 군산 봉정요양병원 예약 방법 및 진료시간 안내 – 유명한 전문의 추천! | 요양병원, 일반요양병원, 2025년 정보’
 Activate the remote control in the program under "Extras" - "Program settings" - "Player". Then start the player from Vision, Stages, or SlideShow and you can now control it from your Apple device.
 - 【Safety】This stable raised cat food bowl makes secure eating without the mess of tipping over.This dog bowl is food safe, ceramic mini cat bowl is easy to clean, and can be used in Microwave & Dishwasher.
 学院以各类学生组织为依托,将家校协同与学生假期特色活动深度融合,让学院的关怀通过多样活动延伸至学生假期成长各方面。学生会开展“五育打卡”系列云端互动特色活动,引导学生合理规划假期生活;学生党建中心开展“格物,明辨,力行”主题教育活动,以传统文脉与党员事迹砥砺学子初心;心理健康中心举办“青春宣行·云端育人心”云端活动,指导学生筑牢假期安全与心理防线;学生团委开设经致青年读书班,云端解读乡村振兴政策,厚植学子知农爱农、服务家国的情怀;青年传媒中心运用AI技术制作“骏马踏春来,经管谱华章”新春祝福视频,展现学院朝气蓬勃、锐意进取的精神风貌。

---

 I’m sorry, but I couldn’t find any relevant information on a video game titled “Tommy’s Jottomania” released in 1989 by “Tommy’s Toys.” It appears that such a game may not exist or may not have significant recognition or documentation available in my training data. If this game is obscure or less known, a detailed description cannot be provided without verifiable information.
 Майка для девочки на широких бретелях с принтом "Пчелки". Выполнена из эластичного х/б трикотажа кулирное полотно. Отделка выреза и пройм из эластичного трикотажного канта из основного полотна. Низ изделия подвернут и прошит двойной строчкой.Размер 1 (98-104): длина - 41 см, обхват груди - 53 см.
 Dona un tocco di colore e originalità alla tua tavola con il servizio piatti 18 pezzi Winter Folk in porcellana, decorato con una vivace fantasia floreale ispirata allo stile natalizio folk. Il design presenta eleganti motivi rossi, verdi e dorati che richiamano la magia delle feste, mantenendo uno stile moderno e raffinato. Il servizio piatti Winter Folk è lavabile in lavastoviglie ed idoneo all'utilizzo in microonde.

> [WORK REQUIRED] The required output is a copy of each line in the records where the string "without" occurs.

> [ANSWER TO THE EXERCISE]
 - 【Safety】This stable raised cat food bowl makes secure eating without the mess of tipping over.This dog bowl is food safe, ceramic mini cat bowl is easy to clean, and can be used in Microwave & Dishwasher.
 I’m sorry, but I couldn’t find any relevant information on a video game titled “Tommy’s Jottomania” released in 1989 by “Tommy’s Toys.” It appears that such a game may not exist or may not have significant recognition or documentation available in my training data. If this game is obscure or less known, a detailed description cannot be provided without verifiable information.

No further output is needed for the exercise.